Argument Datatype Default
q string none
start integer 0
limit integer 10
sortby string 'score desc'
filter[fields][<fieldname>][] string none
filter[queries][] string none
facet[fields][<fieldname>][include] boolean false
facet[fields][<fieldname>][exclude_filter] boolean true
facet[fields][<fieldname>][start] integer 0
facet[fields][<fieldname>][limit] integer 10
facet[queries][] string none
weights[<fieldname>] float 1.0
boosts[fields][<fieldname>] float none
boosts[filters][<filterstring>] float none
boosts[functions][<functionstring>] float none
highlight[markup_items] boolean false
highlight[include_matches] boolean false

Response Object

  • hits - The total number of matched items
  • time - The amount of time it took to process the search request
  • request{} - The request parameters used by the server
    • q
    • start
    • limit
    • sortby
    • filter{}
      • fields{<fieldname>:<fieldvalues>[]}
      • queries[]
    • facet{}
      • fields{}
        • <fieldname>{}
          • include
          • start
          • limit
          • exclude_filter
      • queries[]
    • weights{<fieldname>:<weightvalue>}
    • boosts{}
      • fields{<fieldname>:<boostfactor>}
      • filters{<filterstring>:<boostfactor>}
      • functions{<functionstring>:<boostfactor>}
    • highlight{}
      • markup_items
      • include_matches
  • results[]{} - Sorted list of matched items and highlights
    • item{} - A matched item
    • score
  • facet_results{}
    • fields
      • <fieldname>{}
        • facets[]{}
          • value - The value of the facet
          • count - The number of matched items
    • queries{<queryvalue>:<querycount>}

Ranking Algorithm

ThriftDB lets you use field weights and numeric attributes to influence an item's match score.
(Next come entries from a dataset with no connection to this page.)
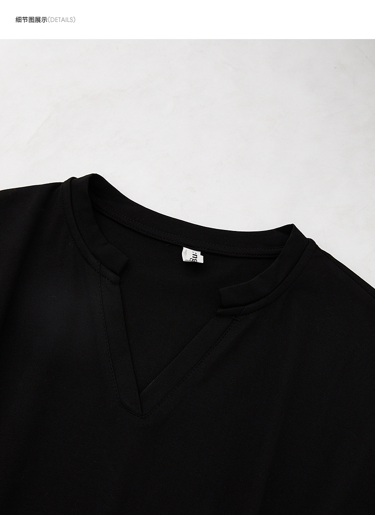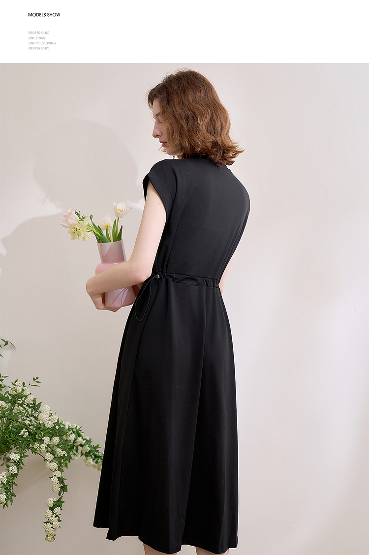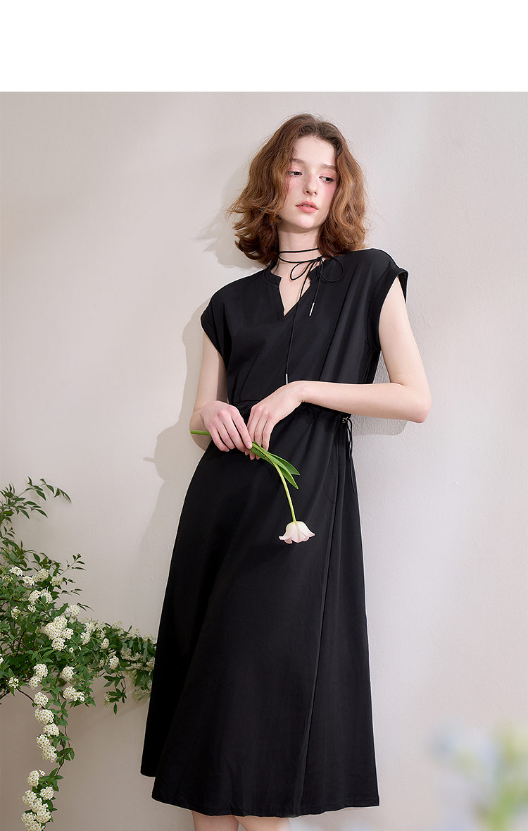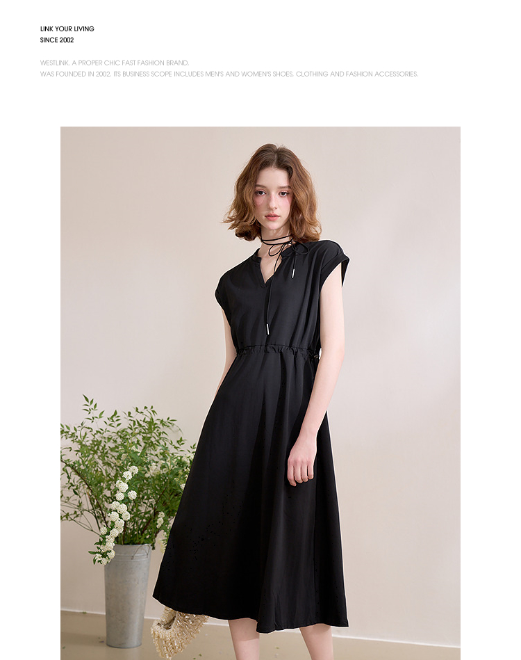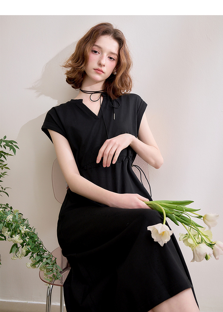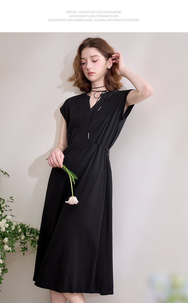 【限时秒杀】西遇黑色v领连衣裙女新款通勤a字短袖法式收腰长裙D0050475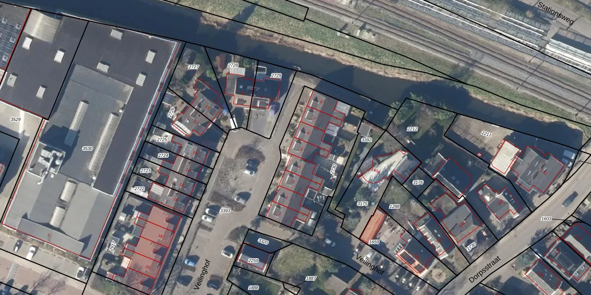 Het perceel waarop Veilinghof 5 staat heeft een oppervlakte van 999 m². Dit is een groot perceel. De perceeloppervlakte wordt geregistreerd door het Kadaster. Gedetailleerde informatie over de maten van dit perceel kunt u vinden in het rapport Kadastrale kaart met maatvoering van Veilinghof 5.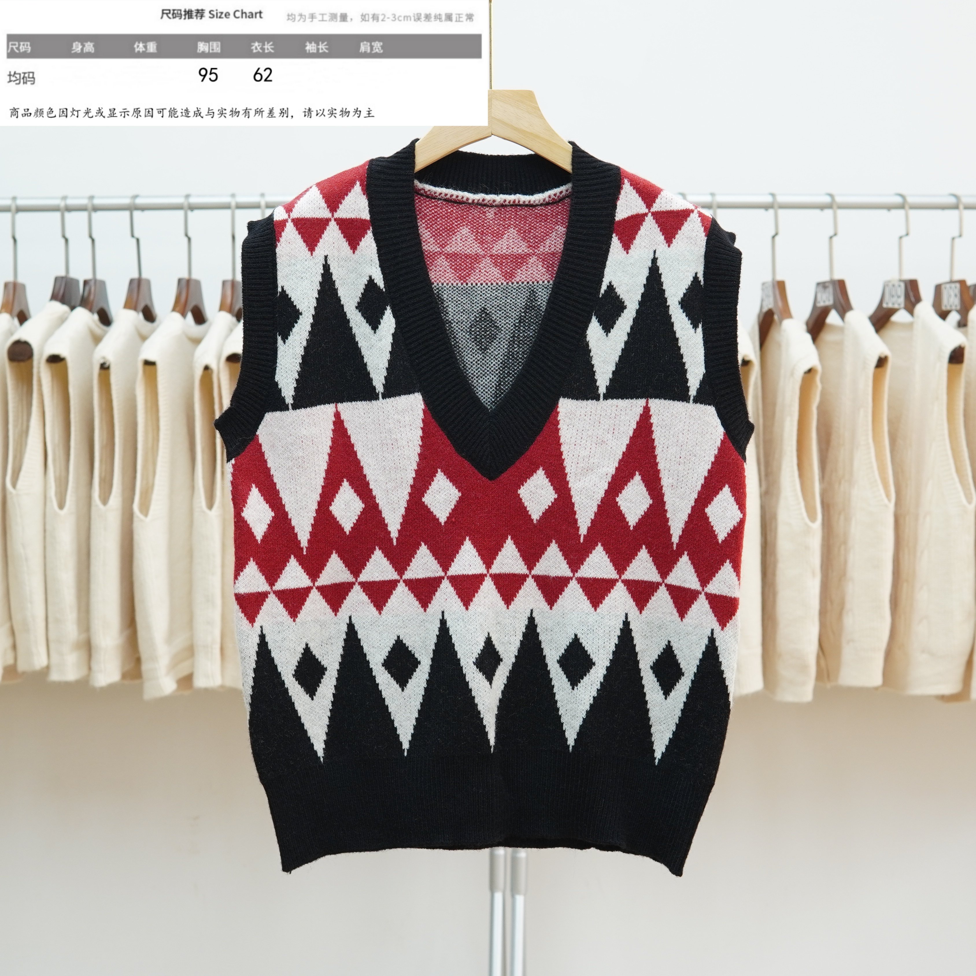 502秋冬新款V领毛衣马甲女复古加厚无袖背心针织马夹外穿上衣潮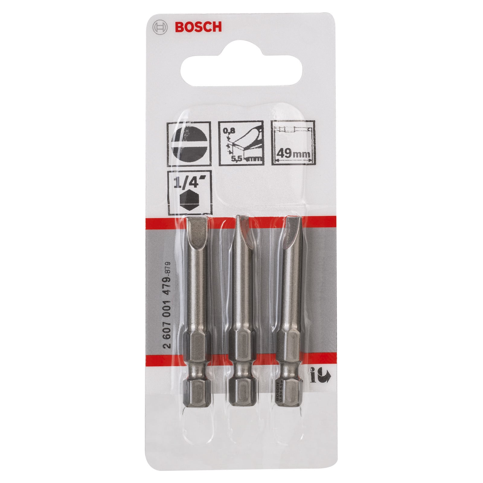 "Bosch 3x Schrauberbit Extra-Hart, S 0,8 x 5,5, 49 mm - 2607001479"

It also lets you boost by more complicated mathematical functions.

The webapp at hnsearch.com uses this combination of field weights, field boosts, and the Hacker News hotness algorithm to rank results:

    "weights": {
        "title"   : 1.1,
        "text"    : 0.7,
	"url"     : 1.0,
	"domain"  : 2.0,
        "username": 0.1,
        "type"    : 0.0
    },
    "boosts": {
        "fields": {
            "points"      : 0.15,
            "num_comments": 0.15
        },
        "functions": {
	    "pow(2,div(div(ms(create_ts,NOW),3600000),72))": 200.0
	}
    }
  

Here's an example search url:

http://api.thriftdb.com/api.hnsearch.com/items/_search?q=facebook&weights[title]=1.1...

Developers are encouraged to use their own ranking algorithms to rank results. For a more thorough explanation of how match scores are calculated, developers can consult the Lucene scoring documentation.